The U.S. presidential race is widely seen as a referendum on Barack
Obama's handling of a still-struggling economy. Republican presidential
candidate Mitt Romney's campaign is recycling a rhetorical tactic from a
past era designed to amplify popular discontent over tough economic
Republican vice presidential candidate Paul Ryan says Barack Obama
cannot hide his administration's economic record.
"We are not going to hear evidence and facts about how people are better
off [under President Obama]," said Ryan. "You see the president cannot
run on his record."
The argument echoes a question Ronald Reagan asked during his 1980
presidential campaign that defeated then-President Jimmy Carter when he
asked, "Are you better off today than you were four years ago?"
Republicans hope voters will deliver the same verdict this year.
Democrats argue today's high unemployment rate and sluggish economic
growth are the lingering effects of a deep recession that began months
before Obama took office, during a Republican administration.

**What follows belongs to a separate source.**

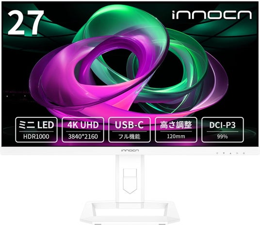 INNOCN 27インチ ミニLED 4Kモニター HDR1000 HDMI/DP/USB-C 65W 非光沢 VESA対応 ブルーライト軽減
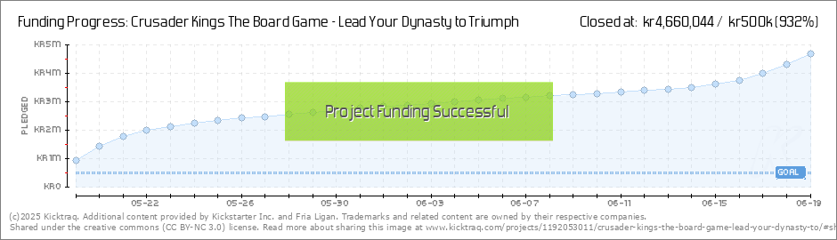 Hi! Another stretch goal is passed in the kickstarter for Crusader Kings - The Board Game. A bonus scenario based on the Baron's Crusade will now be added to the game. Thank you for your support! We now only have one more stretch goal lined up, and... (Read More)

Obama started with a much weaker economy than I did," said Former
President Bill Clinton during his Democratic Convention speech last
night. "No president - not me or any of my predecessors - could have
repaired all the damage in just four years."
But most Americans have yet to see their finances improve.
"We are in a very slow recovery," noted Gary Hufbauer of the Peterson
Institute. "Wages have not gone up, and unemployment is still pretty
high. Against these earlier expectations, things do not look so good."
Will voters punish President Obama for a tepid economy, or will they
give him credit for helping the nation weather a devastating financial
crisis? Both Republicans and Democrats are gambling that the answer to
those questions will lead them to victory.